Festival of Arts President Bob Henry switched offices Sunday with

Vice President Anita Mangels.

“I am doubly honored because I also am liaison to the membership,”

Mangels said. “The board serves at the pleasure of the membership and

I hope we never let [them] down.”

Mangles, a Laguna Beach publicist and resident for 14 years, was

elected to the board in November, running under the banner hoisted by

David Young to keep the festival local.

Incumbent Young and newcomer Carolyn Reynolds also were elected in

a landslide repudiation of the notions to license the Pageant of the

Masters to other sites and to hire a pricey executive director to do

the job that had previously been done for nothing by the board.

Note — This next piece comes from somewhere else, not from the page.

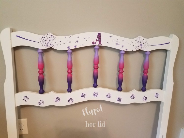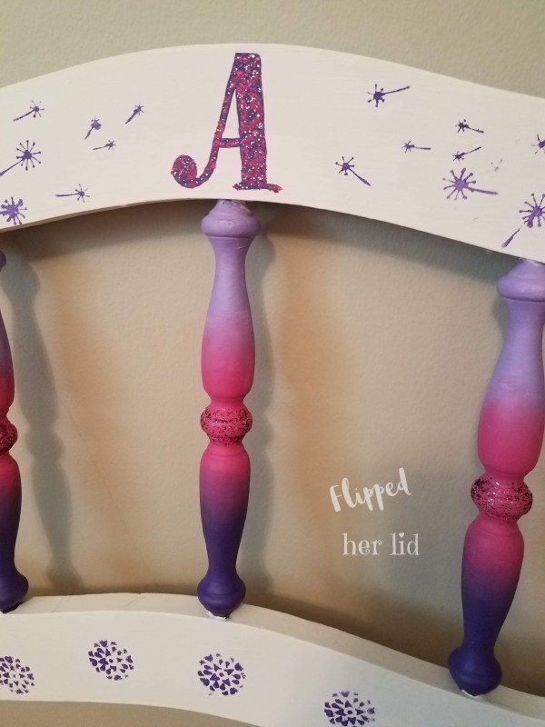I decided to jazz up the spindles with a pink and purple ombre look. I also stenciled her first initial in the center and added some glitter paint on that as well as the center section of the spindles for a little extra bling! Sure hope she likes it!

“It has been said that our theme last year was ’70 Years and Still

Standing Still,’” Mangels said.

Henry informed the festival board of his decision at a private

meeting prior to the luncheon. Festival bylaws automatically move the

vice president into the top spot if the president resigns. Officers

are elected by the board.

“There were tears in some eyes -- I don’t know if they were for or

against,” said Henry.

The 84-year-old Emmy-winning producer-director said business

commitments forced him to step aside. He will concentrate his energy

on the preparation of “Flip Wilson Show” episodes for cable

syndication.

Board members John Campbell, Bob Dietrich, Ann Webster, treasurer

Young, secretary Reynolds attended the meeting. Kathleen Blackburn

and Diane Reardon had other commitments.

Being a festival board member is not a sinecure.

In 2000, a board decision to move the festival and pageant to San

Clemente led Young to resign from the board on which he had served

for more than 45 years at the time. A dramatic recall swept the

sitting board from office and installed Young, along with Scott Moore

and Bruce Rasner, who led the recall effort.

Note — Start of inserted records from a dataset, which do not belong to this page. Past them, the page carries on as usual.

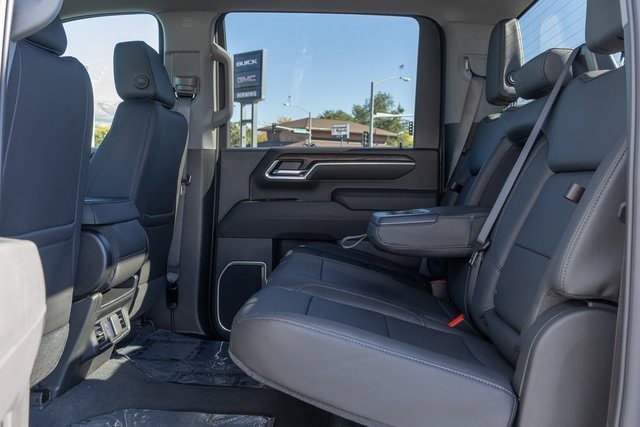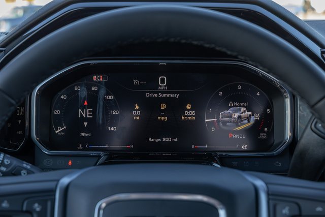 10-Speed Automatic, 4WD, Black Leather. Gooseneck/5th Wheel Prep Package (Spray-On Pickup Bedliner w/GMC Logo), Preferred Equipment Group 4SA (120-Volt Bed Mounted Power Outlet, 120-Volt Instrument Panel Power Outlet, 2 Charge-Only Rear USB Ports, 2 Charge/Data USB Ports, 2-Speed Active Transfer Case, 6-Speaker Audio System Feature, Chrome Surround Grille w/Chrome Insert Bars, Deep-Tinted Glass, Electric Rear-Window Defogger, Front Rain-Sensing Wipers, Heated Driver & Front Outboard Passenger Seats, Keyless Open & Start, LED Cargo Area Lighting, Manual Tilt-Wheel/Telescoping Steering Column, OnStar Services Capable, Power Front Passenger Windows w/Express Up/Down, Push Button Start, Rear Wheelhouse Liners, Remote Vehicle Starter System, SiriusXM w/360L Trial Subscription, Steering Wheel Audio Controls, Unauthorized Entry Theft-Deterrent System, and Wireless Phone Projection), Suspension Package, X31 Off-Road Package (Hill Descent Control and Off-Road Suspension), 10-Speed Automatic, 4WD, Black Leather, 10-Way Power Driver Seat Adjuster w/Lumbar, 10-Way Power Passenger Seat Adjuster w/Lumbar, 18 Machined Aluminum Wheels, 3.73 Rear Axle Ratio, 4-Wheel Disc Brakes, 6 Speakers, 6 Rectangular Chromed Tubular Assist Steps, ABS brakes, Air Conditioning, Alloy wheels, AM/FM radio: SiriusXM with 360L, Apple CarPlay/Android Auto, Auto High-beam Headlights, Auto-dimming door mirrors, Auto-dimming Rear-View mirror, Automatic Emergency Braking, Automatic temperature control, Brake assist, Buckle to Drive, Bumpers: chrome, Compass, Delay-off headlights, Driver door bin, Driver Memory, Driver vanity mirror, Dual front impact airbags, Dual front side impact airbags, Electronic Stability Control, Emergency communication system: OnStar, Following Distance Indicator, Forward Collision Alert, Front 40/20/40 Split-Bench Seats, Front anti-roll bar, Front Center Armrest w/Storage, Front dual zone A/C, Front fog lights, Front License Plate Kit, Front Pedestrian Braking, Front reading lights, Front wheel independent suspension, Fully automatic headlights, GMC MultiPro Tailgate, Heated door mirrors, Heated front seats, Heated steering wheel, Heavy-Duty 80 Amp Battery, Hitch Guidance w/Hitch View, Illuminated entry, In-Vehicle Trailering System App, IntelliBeam Automatic High Beam On/Off, Lane Departure Warning System, Low tire pressure warning, Memory seat, Occupant sensing airbag, Outside temperature display, Overhead airbag, Overhead console, Panic alarm, Passenger door bin, Passenger vanity mirror, Perf Leather-Appointed Front Outboard Seat Trim, Pickup Box, Power door mirrors, Power driver seat, Power passenger seat, Power steering, Power windows, Premium audio system: Premium GMC Infotainment System, Radio: AM/FM w/Premium GMC Infotainment System, Rain sensing wipers, Rear reading lights, Rear seat center armrest, Rear step bumper, Rear window defroster, Remote keyless entry, Security system, Speed control, Speed-sensing steering, Split folding rear seat, Steering wheel mounted audio controls, Tachometer, Telescoping steering wheel, Tilt steering wheel, Traction control, Trailer Tire Pressure Monitor Sensors, Trip computer, Turn signal indicator mirrors, Variably intermittent wipers, and Voltmeter.
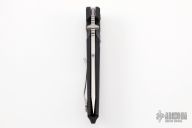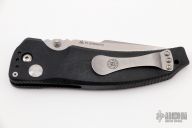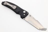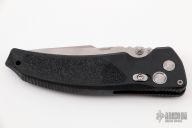 Features one-piece black frame which is made from high glass content reinforced polymer. 154-CM stonewashed blade. Push button lock mechanism. The blade comes out with a refined smoothness and locks securely into place. For easy carry there is also reversible pocket clip.
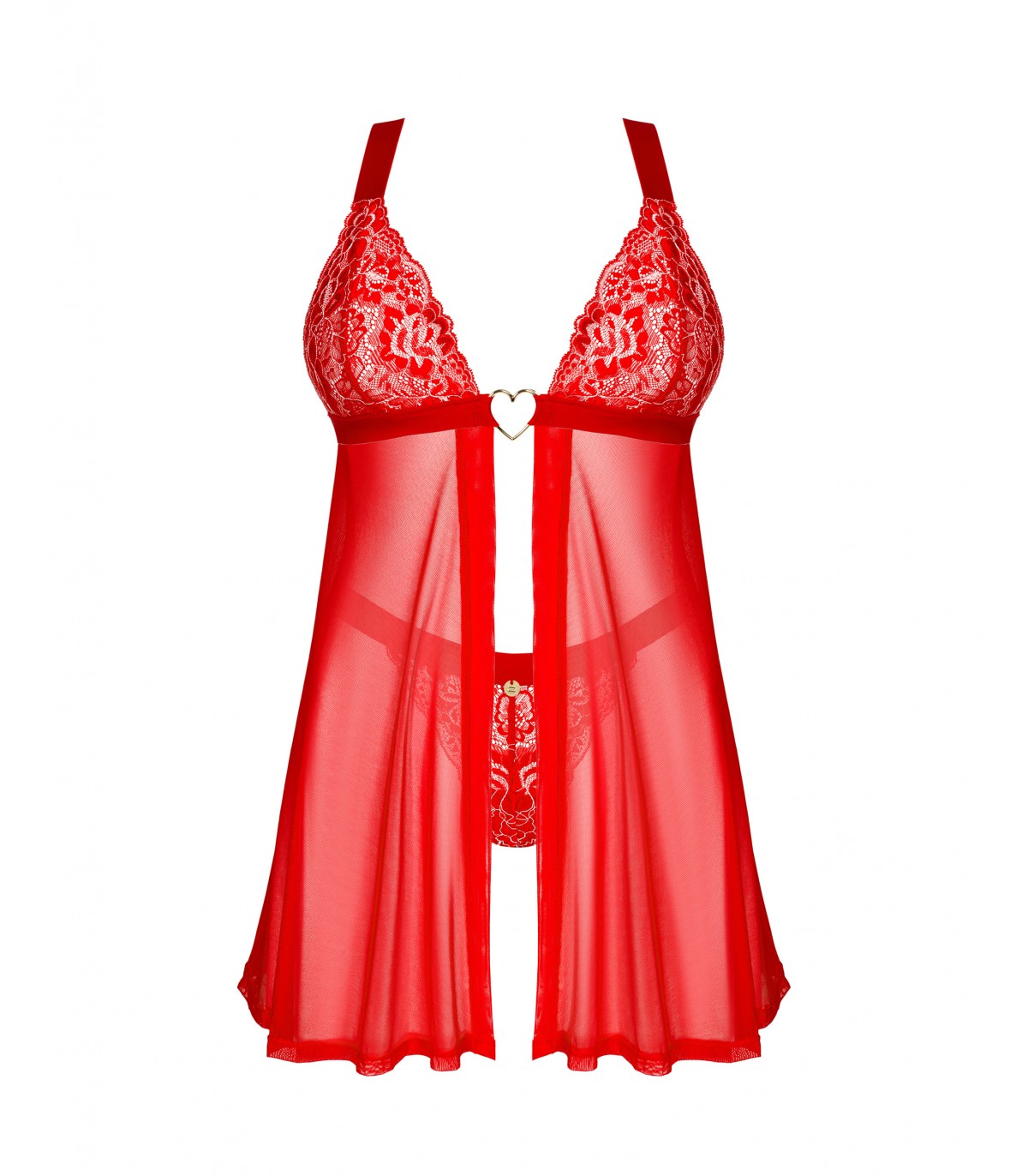 Bonito babydoll con transparencias en el pecho diseñado en color rojo pasión.
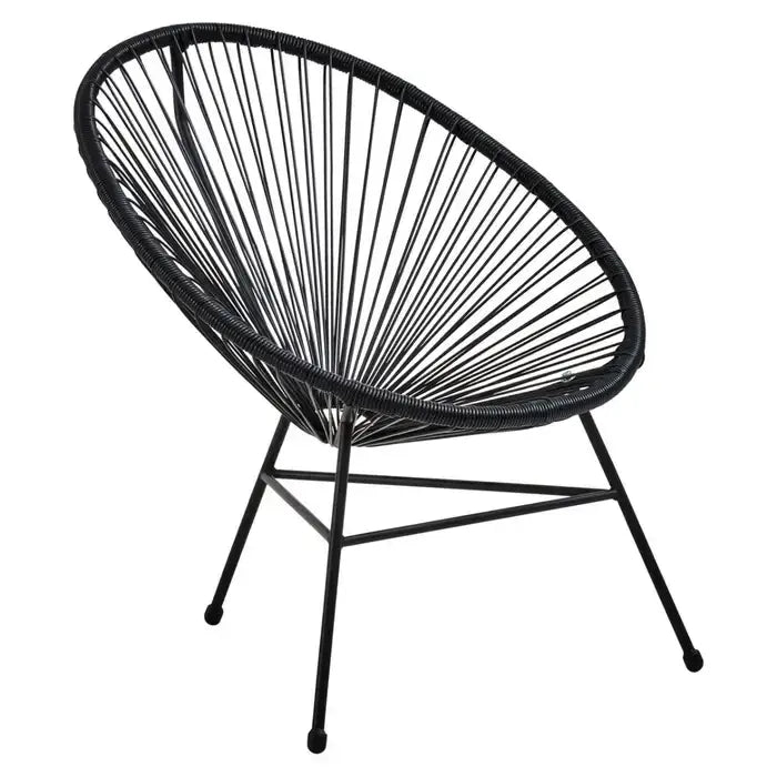 This patio furniture is a modern take on a traditional design. Its steel base and rattan rope design offers limitless relaxation. This set, includes a dual tone gradient style and features a complementary tempered glass table, a modern touch to any outdoor settings.

Those three appointed Robin Hall, Reardon, Dietrich and Campbell.

When Hall resigned, Blackburn was invited to sit on the board.

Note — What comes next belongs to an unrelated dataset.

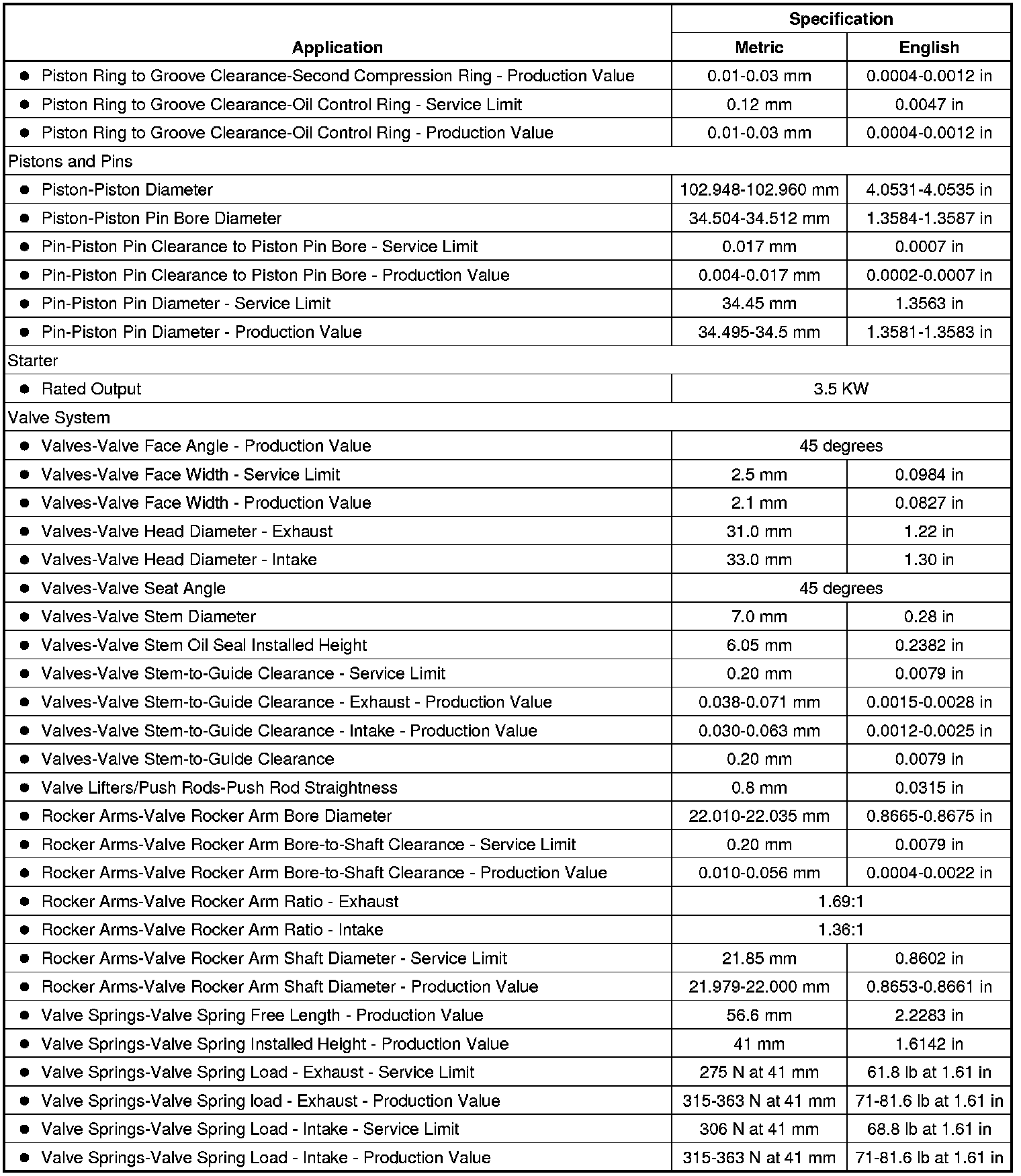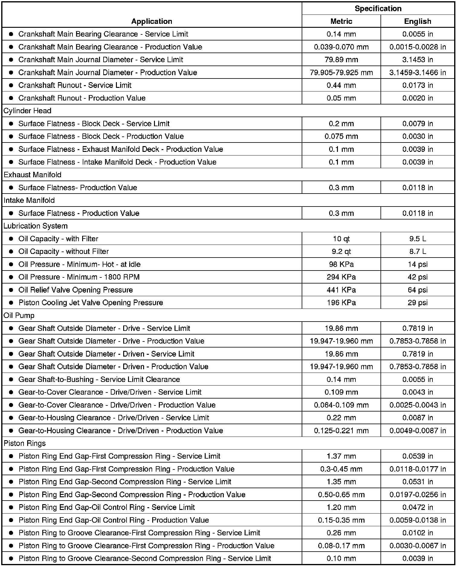 Engine Mechanical Specifications
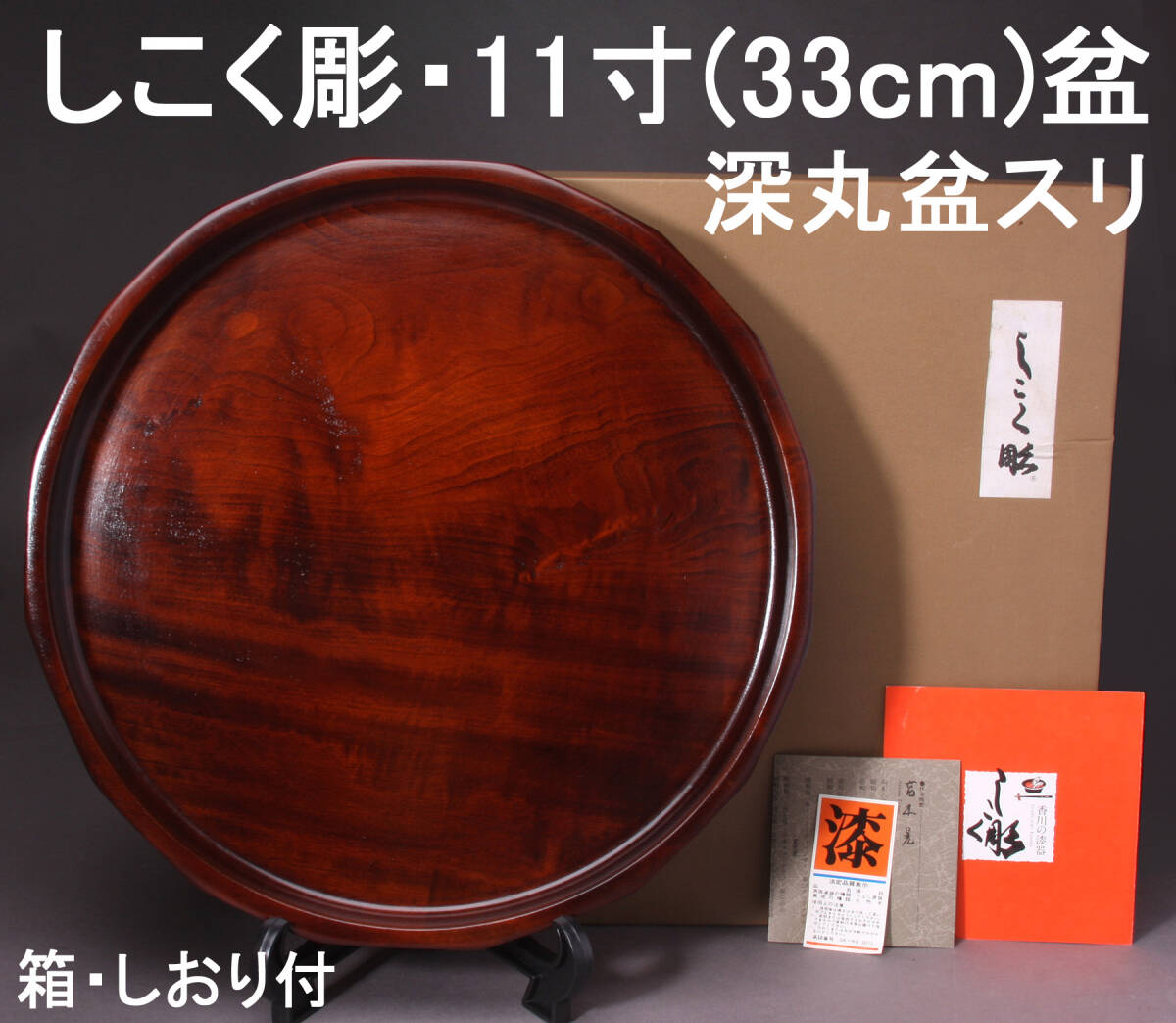 - しこく彫 11寸盆 深丸盆スリ 直径33㎝ 箱・しおり付き KA-7529

Henry and Webster were elected in 2001 and will be up for

re-election this year. Webster said Sunday she probably will run

again.

Rasner was elected board president in 2002, but his championship

of unpopular proposals by the festival’s first-ever executive

director cost him the membership’s favor, putting him at odds with

Young and board members and board candidates in the 2003 election who

agreed with the festival’s elder statesman.

“Thank goodness, David was re-elected,” Webster said.

Pageant Director Dee Challis Davy said the Orange County Arts

Cultural Legacy Award for Community Visionary to be presented later

this month to Young by Arts Orange County affirms his view of the

festival and the pageant.

“He has remained loyal to the Laguna Beach arts community

throughout the 50 years he has been associated with the festival,”

Challis Davy said.

The November election gave Young’s supporters a majority on the

board.

Executive Director Steve Brezzo resigned prior to the election. He

subsequently filed suit against the festival, three board members and

one former board member. Brezzo claimed working conditions were made

too intolerable for him to continue.

Mangels, 51, has been active in politics and community affairs.

Locally, she served as treasurer for the Laguna Canyon Conservancy.